• Simon Schama’s Foreign Bodies (Simon & Schuster) traces the history of humanity caught between the terror of contagion and the ingenuity of science. Post-COVID-19, he goes back in time to shine a light on Waldemar Haffkine, a Jewish student in Odessa who became a microbiologist at the Pasteur Institute and was instrumental for finding vaccines for cholera and bubonic plague, and other “saviours” down the ages. 
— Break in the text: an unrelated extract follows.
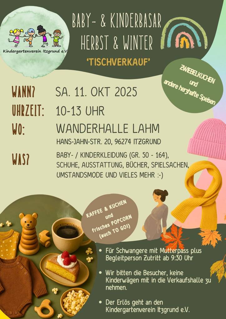 Der Kindergartenverein Itzgrund e.V. lädt in der Wanderhalle Lahm zum Baby- und Kinderbasar ein.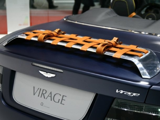 Der Aston Martin-Stand auf dem Genfer Salon stand dieses Jahr zum einen im Zeichen des Einstiegs-Sportwagens Vantage, der in Form des V8 Vantage eine Modellpflege erfuhr und gleichzeitig um den auf 150 Einheiten limitierten V12 Zagato ergänzt wurde, zum anderen zeigte man die ersten Arbeiten der neuen Individualisierungsabteilung „Q by Aston Martin“. Dabei handelte es sich um einen Cygnet in edlem Himbeer metallic mit dreifarbiger Innenausstattung und neuartiger Foto-Lederveredelung und um einen Virage Roadster in dunklem Mattblau, der auf dem Kofferraumdeckel über einen Gepäckträger mit Ledergurten verfügte. Der Innenraum präsentierte sich passend in dunklem Blau mit gelben Akzenten und blau eingefärbtem Sichtcarbon an der Mittelkonsole.

  • Manish Gaekwad’s The Last Courtesan: Writing my Mother’s Memoir (Harper) is an incredible story of survival narrated by his mother. Originally from the Kanjarbhat tribe, Rekhabai was sold and trained as a tawaif while she was still a child. In the 1980s when society disapproved of a tawaif’s art, Rekhabai made a name for herself in Calcutta and Bombay as a singing-dancing star, managed to provide for her large family and sent her son to an English-medium boarding school. 
  • Entering the Maze: Queer Fiction of Krishnagopal Mallick (Niyogi Books) has been translated from the Bengali by Niladri R. Chatterjee. Krishnagopal Mallick (1936-2003) wrote short stories, novels, poetry, published magazines and lived and worked in North Calcutta, chronicling the pace of life in the lanes and bylanes. But as Chatterjee writes in the introduction, what makes him stand out among all other Bengali writers is “the unabashed expression of his homosexuality,” as is evident from the stories in this collection. 
  • In this debut novel, Sharvay (Speaking Tiger), the writer Mansi sets the story in the eighth century in South India during the rule of the Rashtrakutas. The eponymous heroine is born with great disadvantages: she is an orphan, the daughter of a dasi. But determined to make a life for herself, despite the circumstances, she wants to devote her time to learning to become a philosopher. Will she succeed in her quest? The writer had chanced upon a sculpture of an ancient female philosopher during her research and it inspired her to imagine this historical fiction.